**Task to complete**
The answer must give back every line of the data exactly, with no pictures.

Stored items
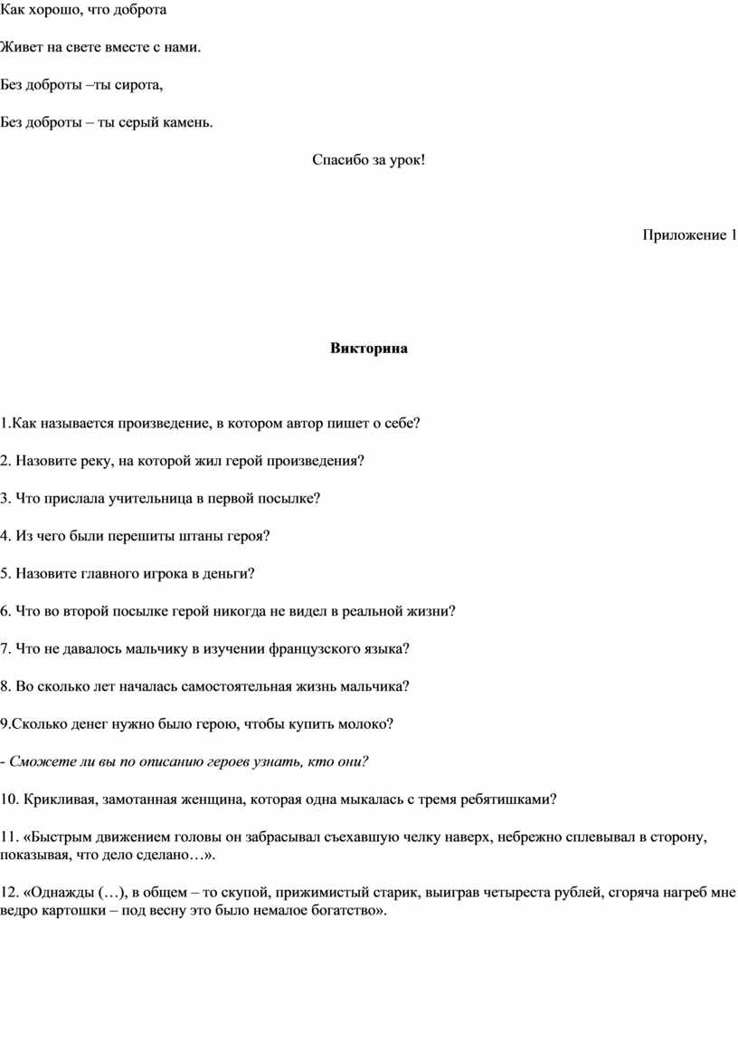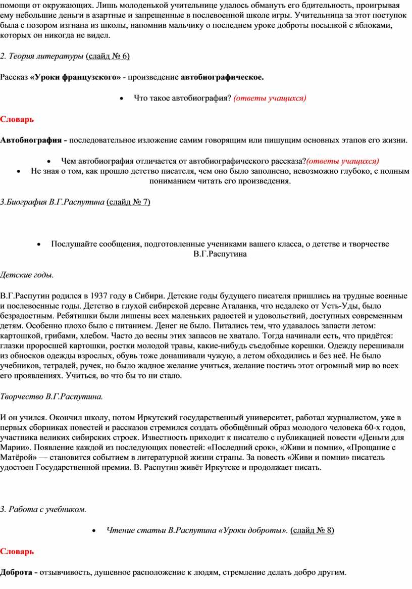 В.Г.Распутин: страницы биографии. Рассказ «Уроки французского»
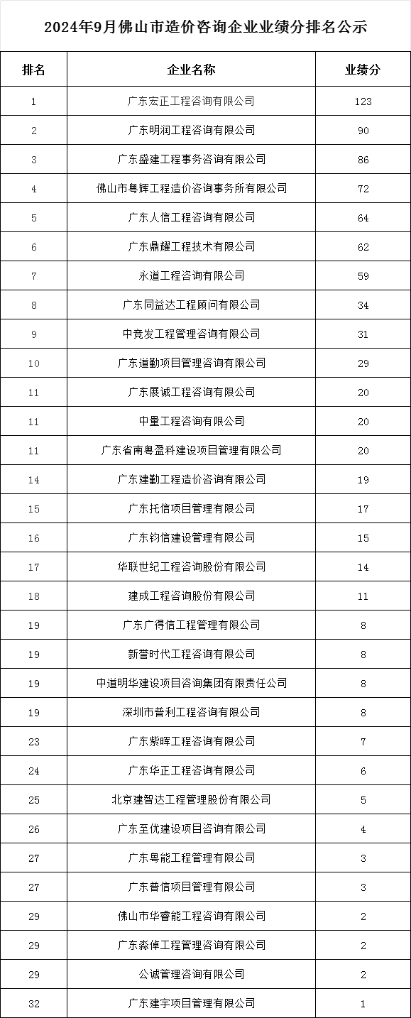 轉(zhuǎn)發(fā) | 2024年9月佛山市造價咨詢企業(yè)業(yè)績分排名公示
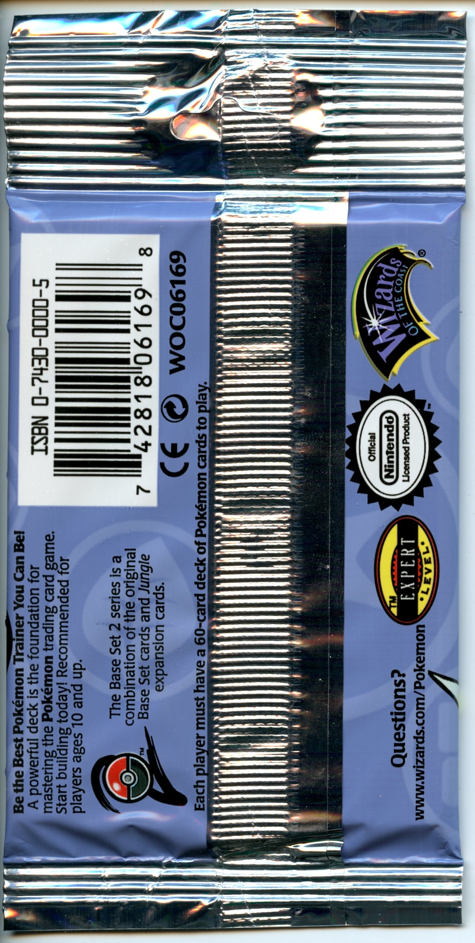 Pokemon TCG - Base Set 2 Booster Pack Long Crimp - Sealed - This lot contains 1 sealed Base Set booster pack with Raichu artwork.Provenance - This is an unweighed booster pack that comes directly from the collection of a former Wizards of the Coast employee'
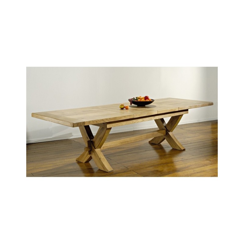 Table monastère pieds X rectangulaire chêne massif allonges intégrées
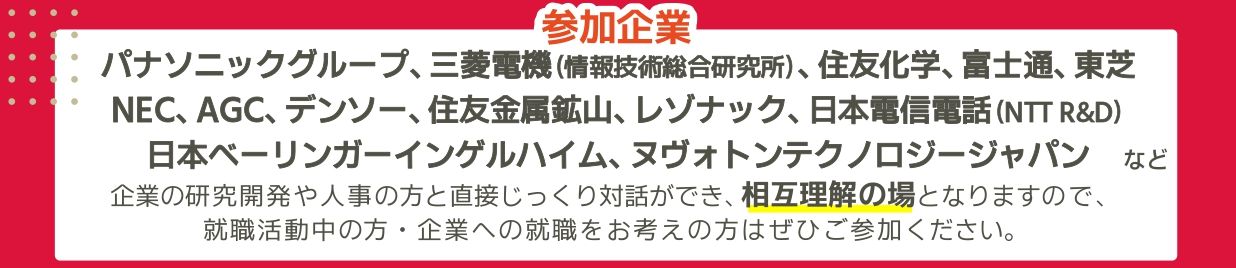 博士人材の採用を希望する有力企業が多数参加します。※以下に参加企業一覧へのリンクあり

**Completed task**
 В.Г.Распутин: страницы биографии. Рассказ «Уроки французского»
 轉(zhuǎn)發(fā) | 2024年9月佛山市造價咨詢企業(yè)業(yè)績分排名公示
 Pokemon TCG - Base Set 2 Booster Pack Long Crimp - Sealed - This lot contains 1 sealed Base Set booster pack with Raichu artwork.Provenance - This is an unweighed booster pack that comes directly from the collection of a former Wizards of the Coast employee'
 Table monastère pieds X rectangulaire chêne massif allonges intégrées
 博士人材の採用を希望する有力企業が多数参加します。※以下に参加企業一覧へのリンクあり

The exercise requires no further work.